Changes in microbial community composition indicated that the magnitude of ciprofloxacin effects was inversely correlated with the degree of sorption of ciprofloxacin to the sediments. Ciprofloxacin, and fluoroquinolones, in general have been shown to strongly sorb to soils and sediments, particularly clays (Nowara et al., 1997; Giger et al., 2003; Cardoza et al., 2005), thus potentially reducing the bioavailability and antibiotic potency of ciprofloxacin (Halling-Sørensen et al., 2003). These findings are consistent with our results, where the magnitude of the microbial community shift was smaller in SM, in which ciprofloxacin had the highest sorption potential, than in other sediments. However, the differences between controls and treatments demonstrate that even with sorption, the antibiotic is capable of modifying the microbial community.
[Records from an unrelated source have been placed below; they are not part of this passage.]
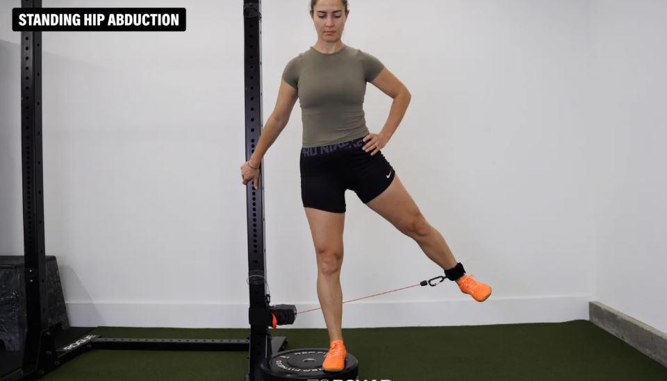 برای ابداکشن لگن در حالت ایستاده، میتوانید از یک باند یا کابل متصل به مچ پا استفاده کنید.
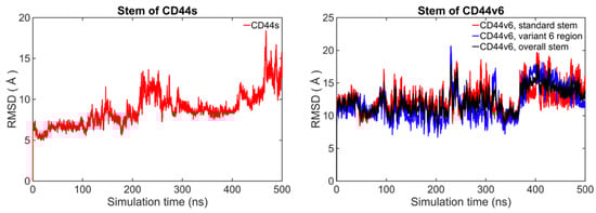 The selected models of the CD44s and CD44v6 stem regions were then energy-minimized. Subsequently, two atomistic MD simulations were performed separately for a long time duration of 500 ns on the two systems—the stem region of CD44 and the stem region of CD44v6—to explore their conformational dynamics and structural properties. The root mean square deviations (RMSDs) were monitored over a 500 ns trajectory to view the extent of conformational sampling overall. The RMSDs relative to average structure are shown in Figure 2. The RMSDs of the standard stem region for CD44s and CD44v6 both mainly ranged from 6 Å to 16 Å. A large fluctuation in the RMSD value of the backbone atoms for both cases indicated dynamic behavior of the standard stem region for both CD44s and CD44v6. Notably, no considerable variation in the RMSD of the standard stem region backbone of both CD44s and CD44v6 was observed from 330 to 470 ns.
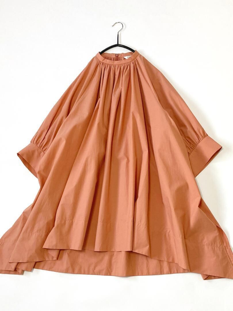 首元にたっぷりとギャザーを寄せて、胴回りに生地をもたせた一枚です◎
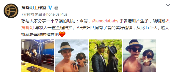 今晨,Angelababy在香港順產生子,黃曉明及雙方家人提前抵港并全程陪護母子左右。夫婦二人一起幸福迎來了新生命的降臨。
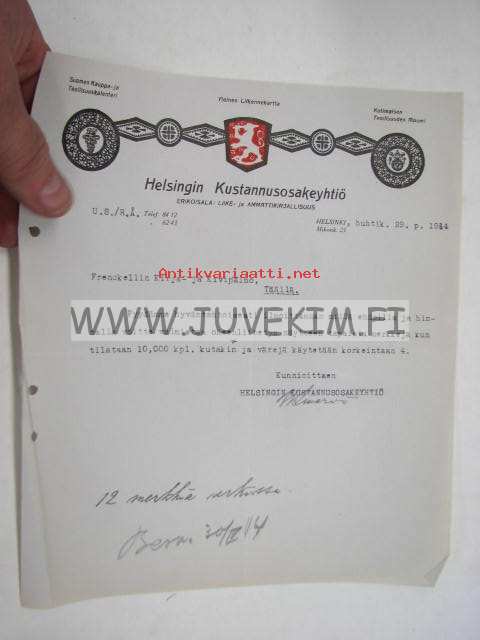 Helsingin Kustannusosakeyhtiö, Helsinki 29.4.1914 -asiakirja
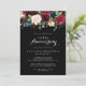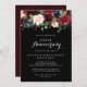 Esta invitación de aniversario de bodas de 50 años con diseño botánico negro rústico es perfecta para una celebración clásica de matrimonio. El diseño presenta flores radiantes y elegantes pintadas a mano en burgundy, rojo, navy, azul y blush sobre un fondo negro, inspirando belleza natural.
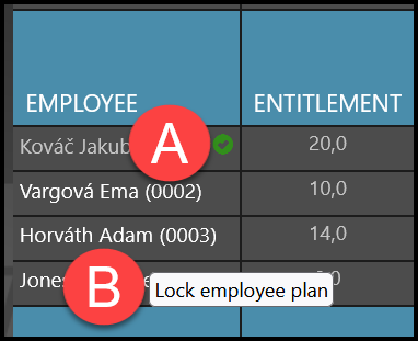 A) Locked plan – grey name, with a green ✔ check mark icon – If you lock the employee´s plan, he/she is no longer able to change the dates.
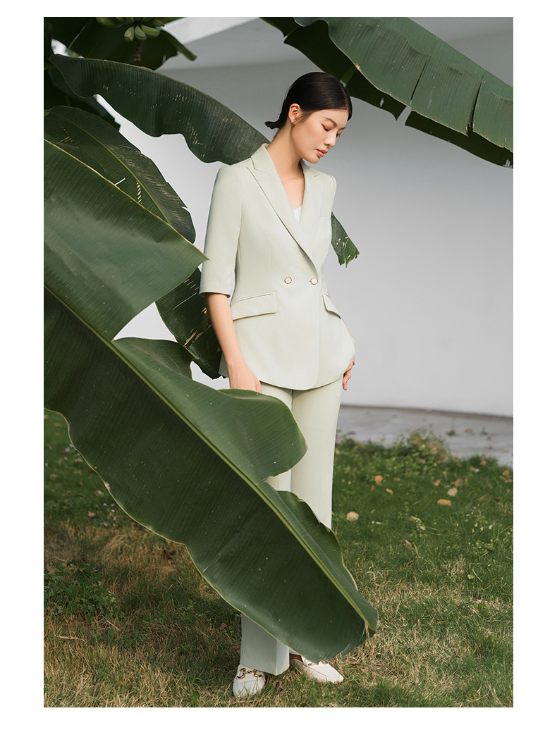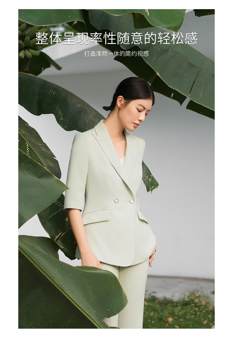 IWY/宽松休闲西装套装绿色2024新款西服七分袖宽松通勤高级女神范C13510+P33510绿色

We have shown that ciprofloxacin is capable of modifying microbial community composition at concentrations as low as 20 μg ml−1 in anaerobic sediments. GN bacteria, including Desulfovibrio, Desulfobulbus and Desulfobacter, appeared more resilient to the effects of ciprofloxacin than did GP bacteria. Effects were evident despite the fact that the concentration actually available to microorganisms was likely even lower due to substantial sorption to sediments (an estimated 80%–90% sorbed). Despite the fact that ciprofloxacin is a wide-spectrum antibiotic, its impact on sediment microbial communities was selective and favored SRB. As human impacts on the environment increase with expanding populations and growing use of medications, it is crucial to understand whether changes such as those observed in our study are evident in nature and what are the consequences for ecosystem microbial processes of these changes.